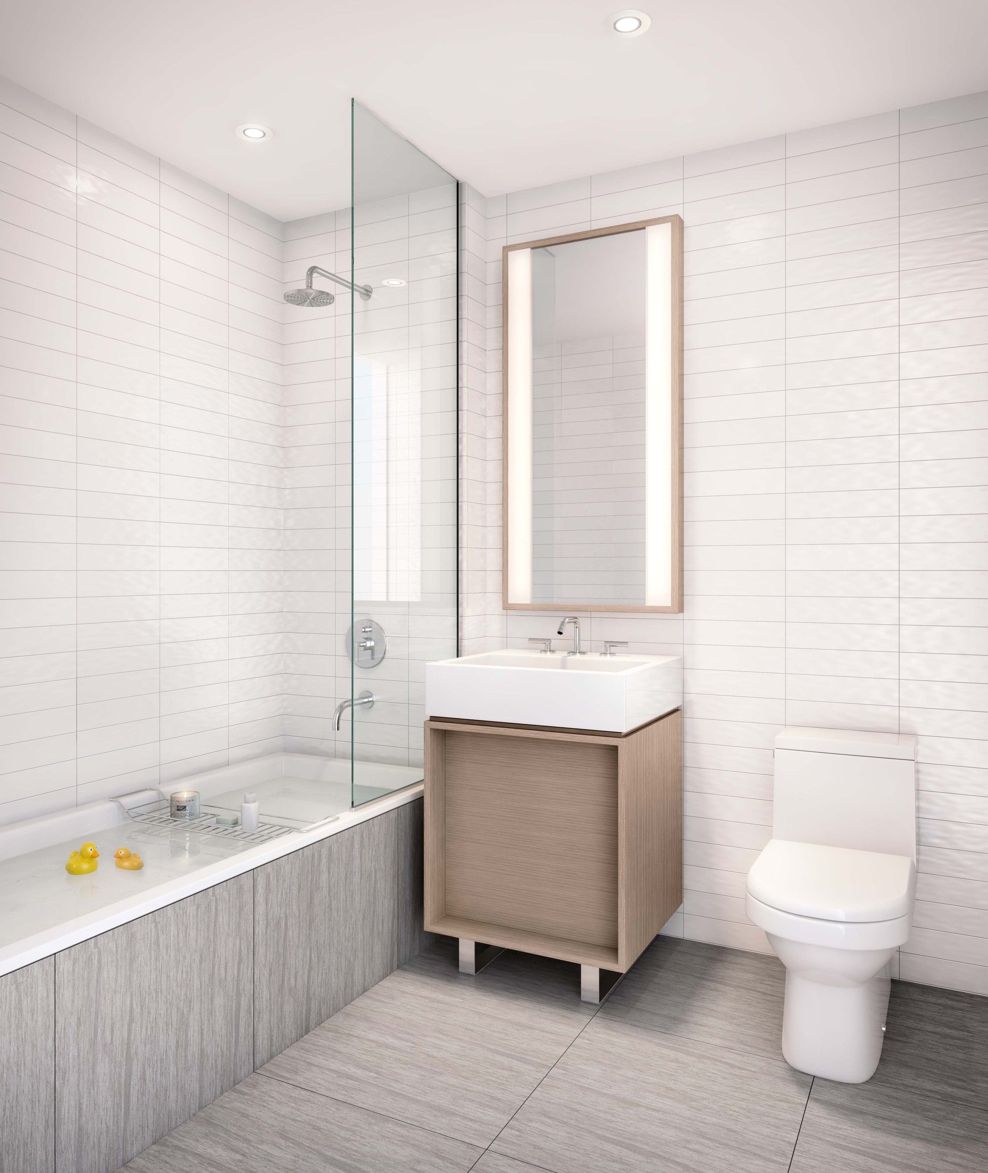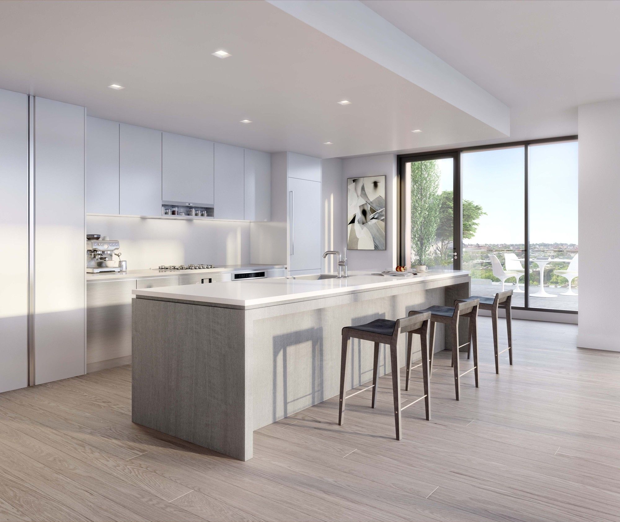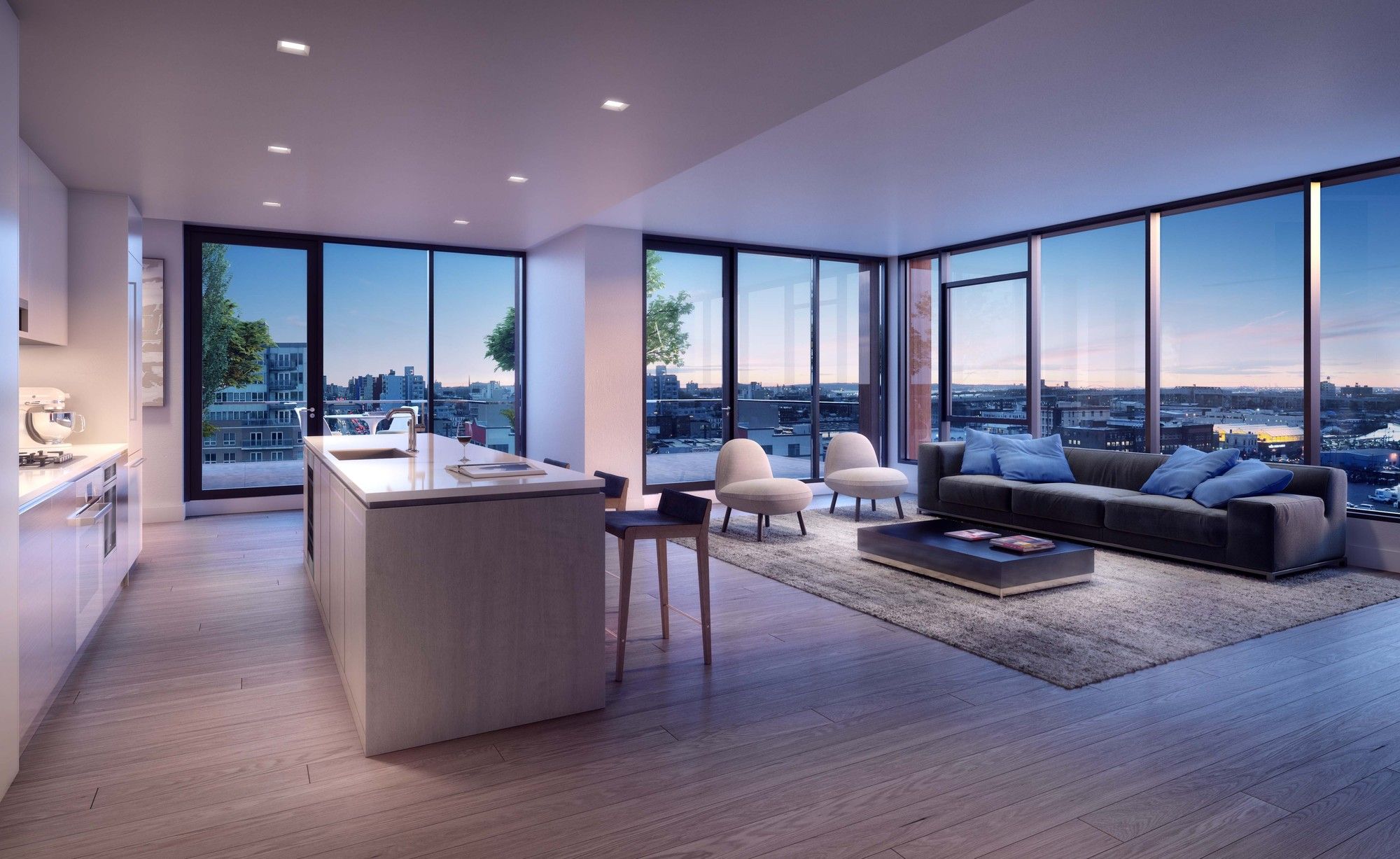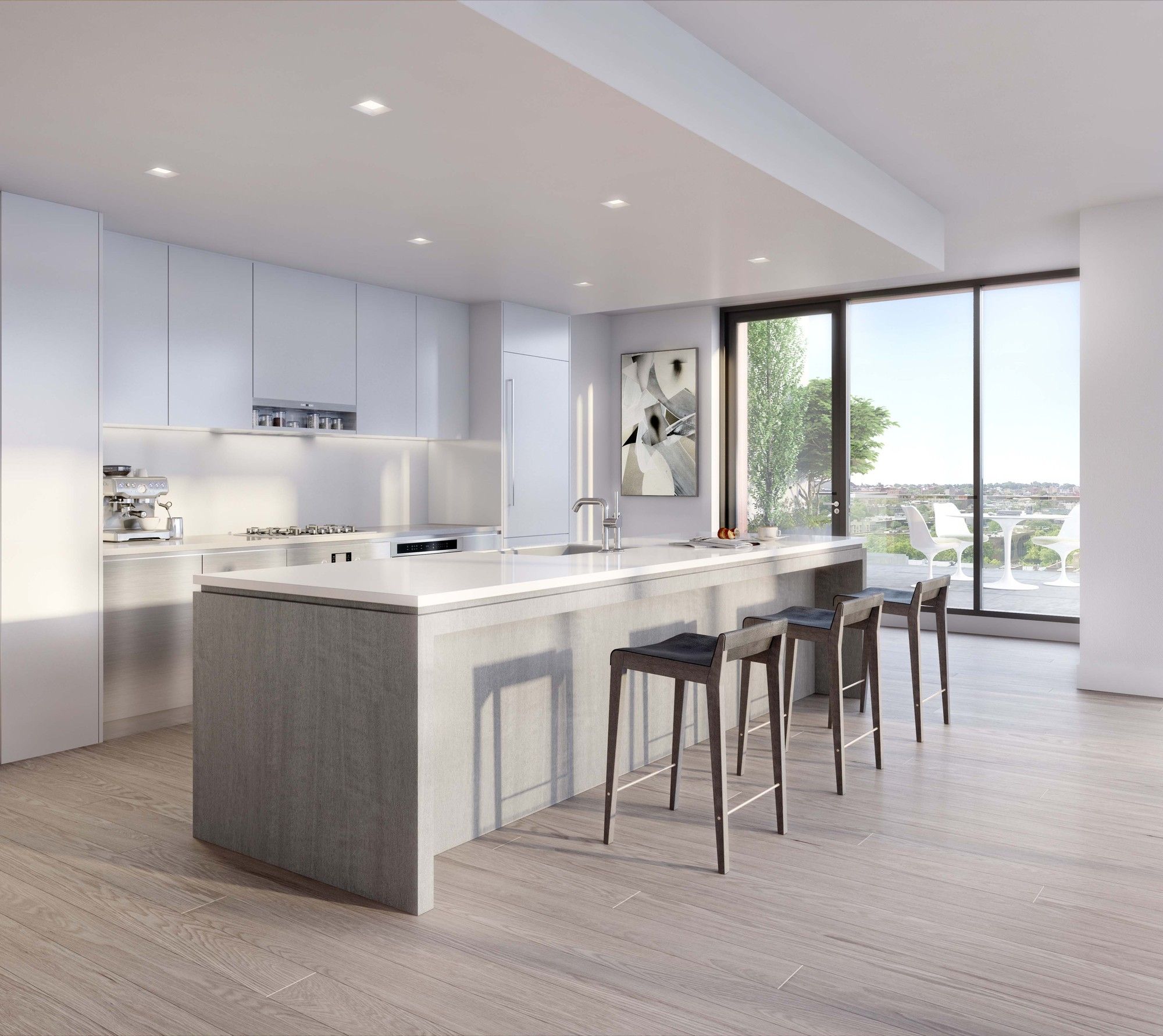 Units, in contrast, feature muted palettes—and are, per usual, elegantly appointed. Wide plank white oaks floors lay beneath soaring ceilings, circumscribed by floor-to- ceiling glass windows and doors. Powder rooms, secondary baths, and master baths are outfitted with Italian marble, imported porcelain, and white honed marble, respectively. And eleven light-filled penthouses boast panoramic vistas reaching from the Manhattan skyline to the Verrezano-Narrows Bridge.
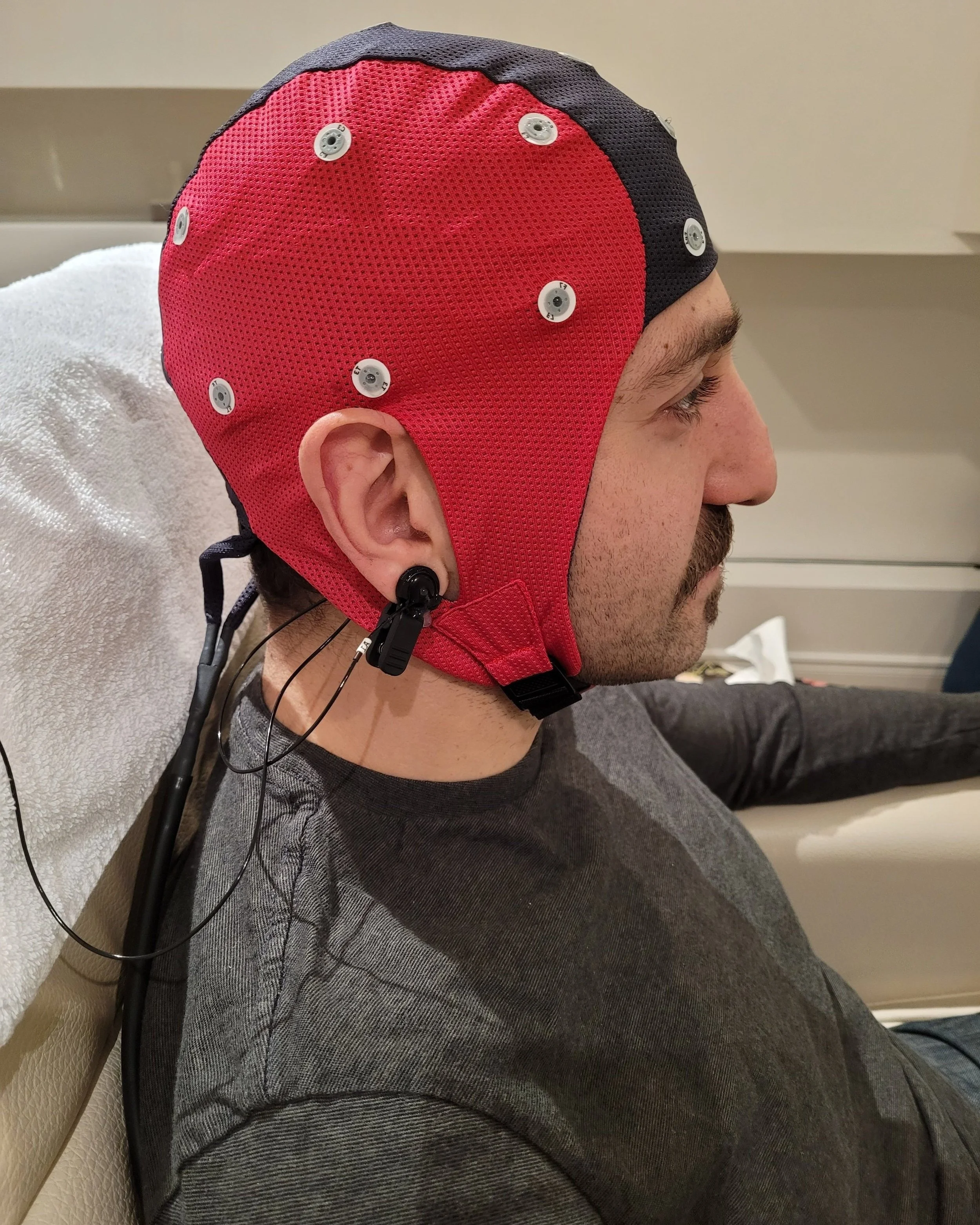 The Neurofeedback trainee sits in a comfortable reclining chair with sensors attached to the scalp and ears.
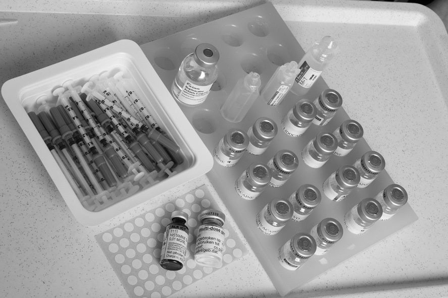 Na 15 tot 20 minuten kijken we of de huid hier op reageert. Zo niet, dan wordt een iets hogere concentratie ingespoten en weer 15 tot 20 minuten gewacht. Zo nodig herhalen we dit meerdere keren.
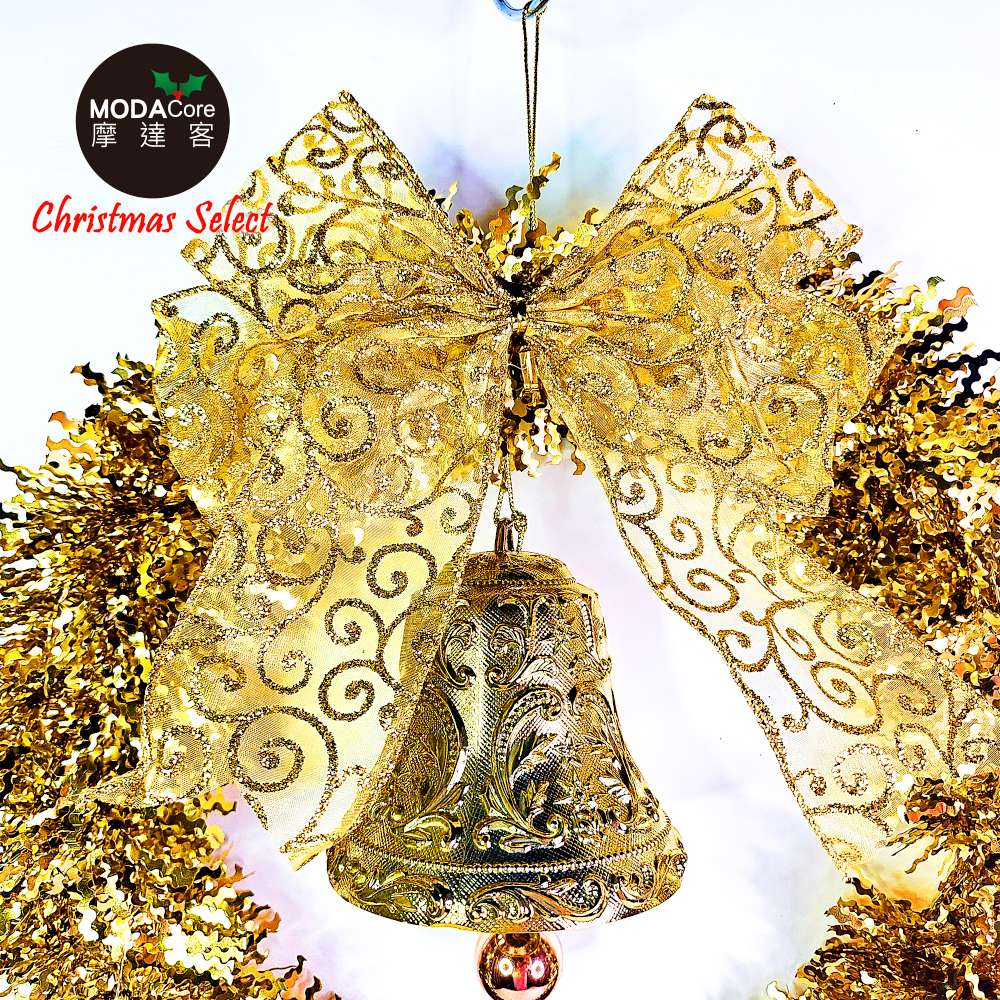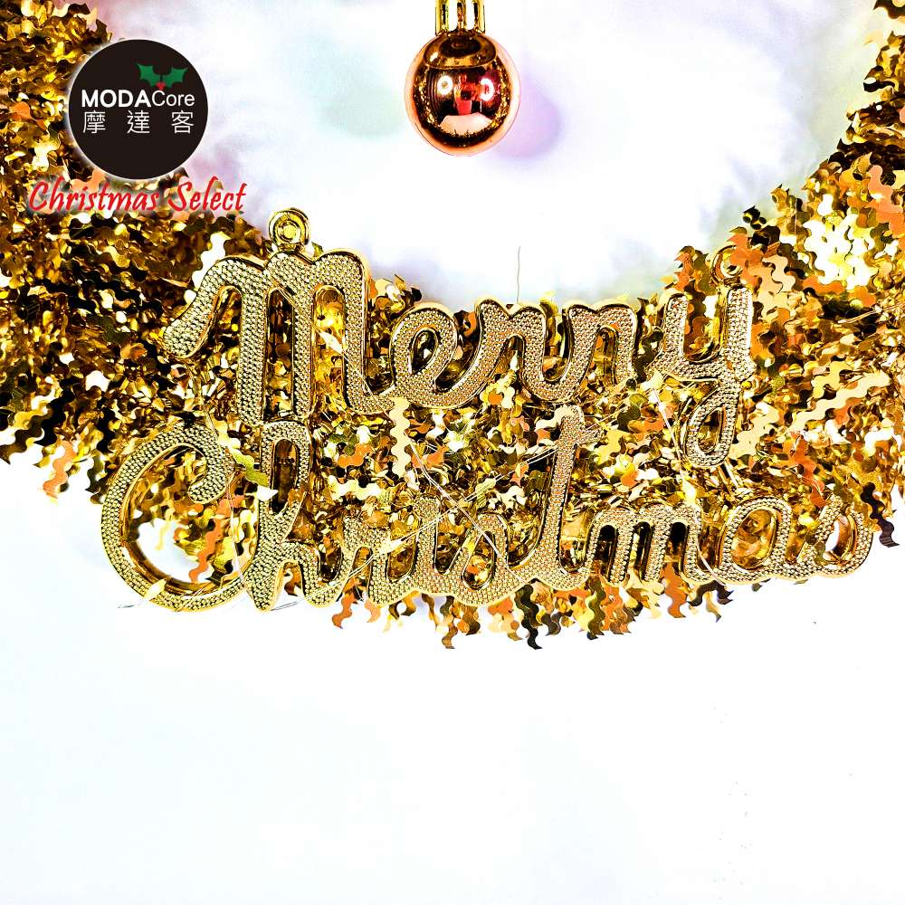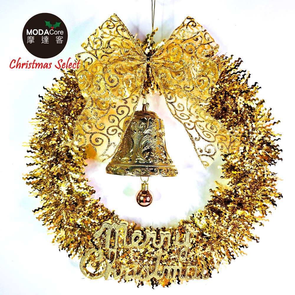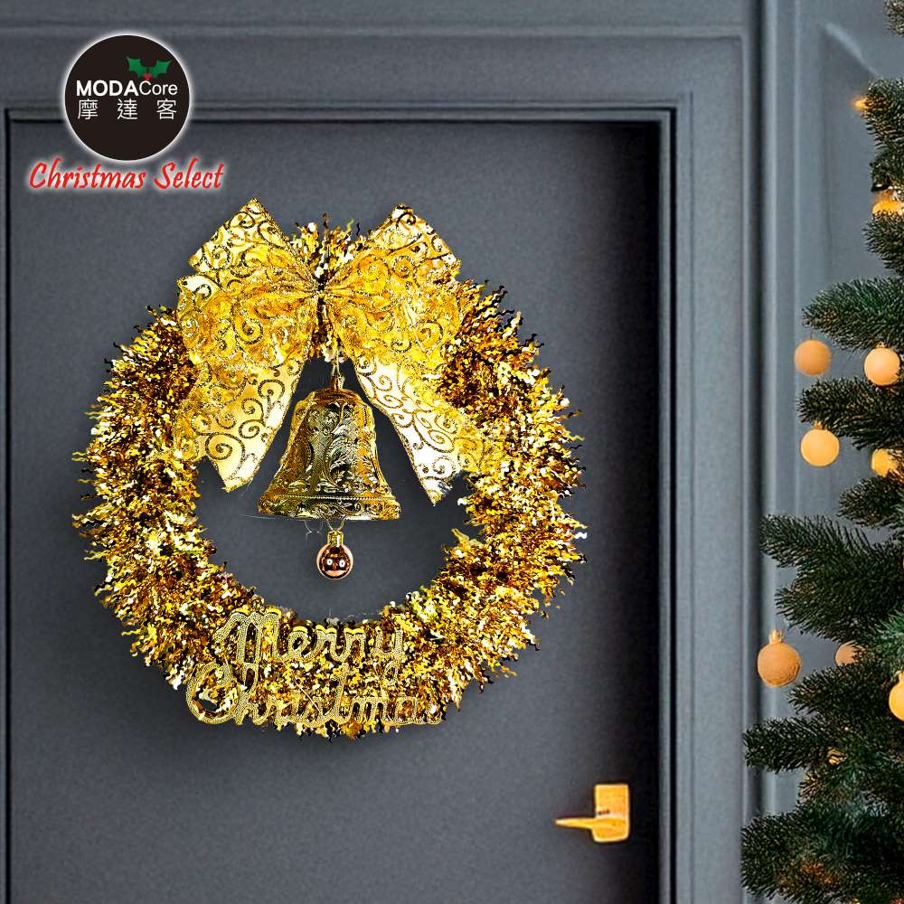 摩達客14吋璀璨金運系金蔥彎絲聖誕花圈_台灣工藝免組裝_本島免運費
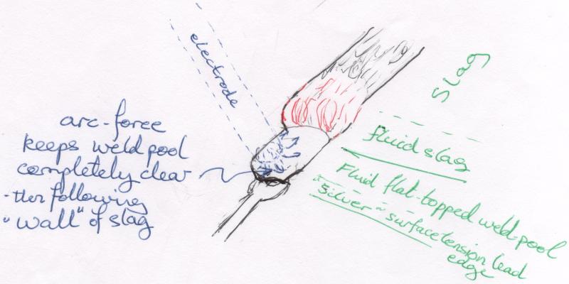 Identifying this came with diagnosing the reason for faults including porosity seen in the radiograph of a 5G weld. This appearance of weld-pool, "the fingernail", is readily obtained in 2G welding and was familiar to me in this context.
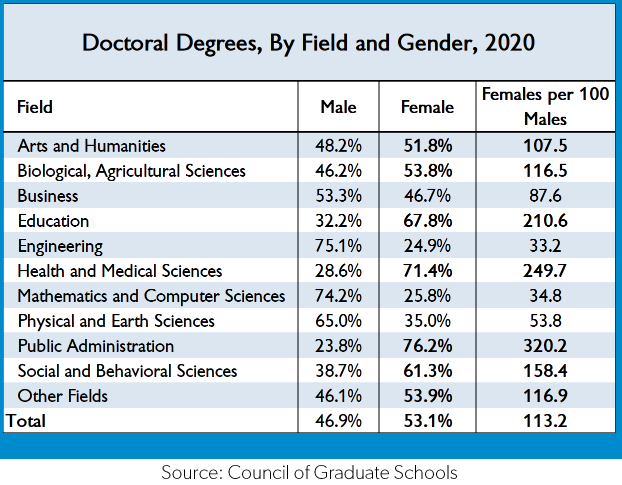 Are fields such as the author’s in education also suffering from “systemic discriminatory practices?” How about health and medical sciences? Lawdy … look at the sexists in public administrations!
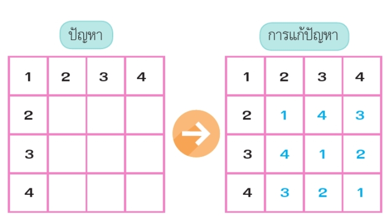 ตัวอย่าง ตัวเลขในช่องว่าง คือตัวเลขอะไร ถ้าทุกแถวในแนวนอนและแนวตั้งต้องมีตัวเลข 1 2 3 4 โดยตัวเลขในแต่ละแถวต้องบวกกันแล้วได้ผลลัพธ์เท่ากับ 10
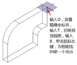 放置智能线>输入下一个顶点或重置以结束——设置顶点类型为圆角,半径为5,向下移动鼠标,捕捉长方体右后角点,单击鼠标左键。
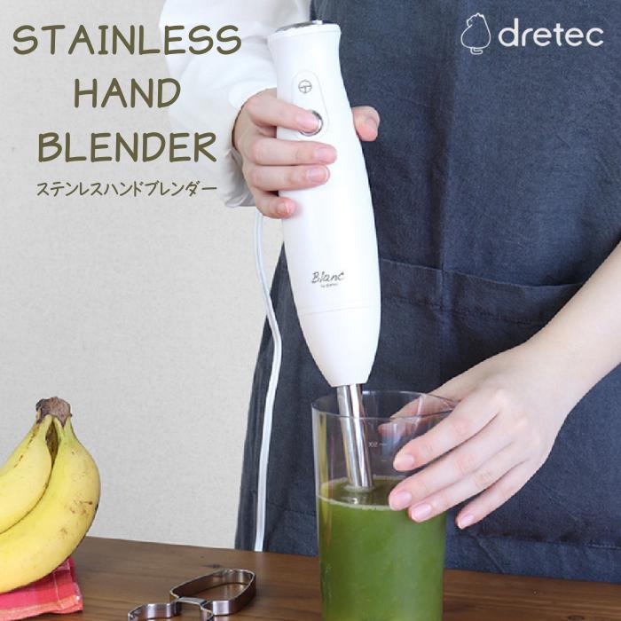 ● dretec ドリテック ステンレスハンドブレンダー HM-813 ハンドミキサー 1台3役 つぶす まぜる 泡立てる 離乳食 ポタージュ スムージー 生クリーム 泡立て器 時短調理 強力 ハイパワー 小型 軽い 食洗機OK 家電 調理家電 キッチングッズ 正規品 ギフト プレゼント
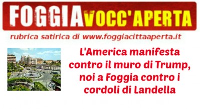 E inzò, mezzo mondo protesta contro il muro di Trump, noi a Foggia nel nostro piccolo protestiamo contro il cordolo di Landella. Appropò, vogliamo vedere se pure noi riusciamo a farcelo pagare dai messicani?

BRIEF
Produce an exact reproduction of the listing above, limited to the lines starting at the line with "The Neurofeedback trainee" and ending at the line with "Na 15 tot 20", both kept, with every picture left out.

WRITTEN SOLUTION
 The Neurofeedback trainee sits in a comfortable reclining chair with sensors attached to the scalp and ears.
 Na 15 tot 20 minuten kijken we of de huid hier op reageert. Zo niet, dan wordt een iets hogere concentratie ingespoten en weer 15 tot 20 minuten gewacht. Zo nodig herhalen we dit meerdere keren.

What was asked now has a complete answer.